This is being sold as being for Jackson’s benefit, but I struggle to see how this will help the Cardinals be a better offense.

Petrine’s argument seems to be that going under center will simplify things for Jackson, while the article’s author simultaneously suggests that this will better demonstrate what he could do in a pro-style offense. Normally simplifying an offense for your quarterback is not what portends a great pro career…

The simplification would occur from having more plays where Jackson is simply turning and handing off or just focusing on nailing his drop, progression, and getting the ball out on time. In the spread-option offense they often ran, he was regularly making option reads and had to carry a major load for the offense. That’s how he won the Heisman.

One obvious problem is that when you remove the burden from Jackson of having to read defenders in the run game every week, you also remove the burden for the defense of having to worry about Lamar Jackson keeping the ball.

The Cardinals are essentially moving to deemphasize the strongest part of their offense in order to emphasize the weakest part.

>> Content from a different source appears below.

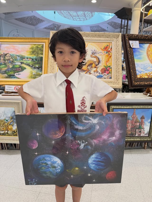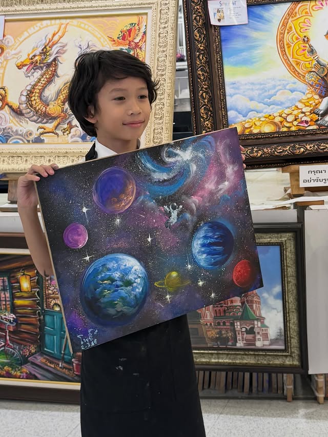 “พี่โพธิ์ตั้งใจวาดภาพ กาแลคซี่ภาพนี้เพื่อมอบให้กับการร่วมประมูลช่วยเหลือเด็ก ในงานยูนิเซฟ บลูสตาร์ กาล่า 2026 ( UNICEF Blue Star Gala2026) รายได้จากการระดมทุนในครั้งนี้จะถูกนำไปขับเคลื่อนภารกิจด้านโภชนาการเด็กทั้งในประเทศไทยและในพื้นที่วิกฤตทั่วโลก ภาพวาดที่พี่เค้าตั้งใจวาดในครั้งนี้ มีผู้ชนะการประมูล ด้วยมูลค่า 120,000 ( หนึ่งแสนสองหมื่นบาท ) ต้องขอขอบคุณ ผู้เข้าร่วมประมูลภาพของน้องด้วยค่ะ บอกให้ลูกฟังลูกดีใจมาก ๆ และต้องขอขอบคุณ ครูผู้ฝึกสอนที่คอยไกด์ และประมวลความคิด ความชอบของน้องจนออกมาเป็นภาพนี้ ช่วงนี้โพธิ์ ชอบในเรื่องของกาแลคซี่ดวงดาว และแผนที่โลกมากๆ เค้าจึงเลือกที่จะวาดภาพนี้ ทุกอย่างเกิดจากความชอบและความตั้งใจมาก ๆ ถ้าลองสังเกตในภาพจะมีภาพเค้าลอยอยู่บนกาแลคซี่ด้วยค่ะ ขอบคุณลูกนะครับที่รู้จักการมีน้ำใจแบ่งปันให้กับเพื่อนมนุษย์"

That’ll carry a cost in practice as well. Nailing down dropback footwork, protections, huddling, and the QB-less run game is going to require practice repetitions. Repetitions that could have been spent on continuing to excel in the shotgun and in pass protections from those superior sets.

As a Texas fan who watched the Longhorns adjust from a pro-style system to a pro-style spread to accommodate Vince Young, this appears to me as Bobby Petrino and Louisville moving backwards. They’d found something that works…spectacularly.

Then they took late-season defeats and the exhaustion of Lamar Jackson as a sign that they should go backwards, strategically, rather than pushing forward and developing a better supporting cast as the means of easing pressure off their Heisman. I think this is really just Petrino finding an excuse to run back to what he knows and prefers.

Between this and trading Todd Grantham to Mississippi State for a defensive coordinator who wasn’t terribly effective in 2016, I see some troubling signs for the 2017 Louisville season.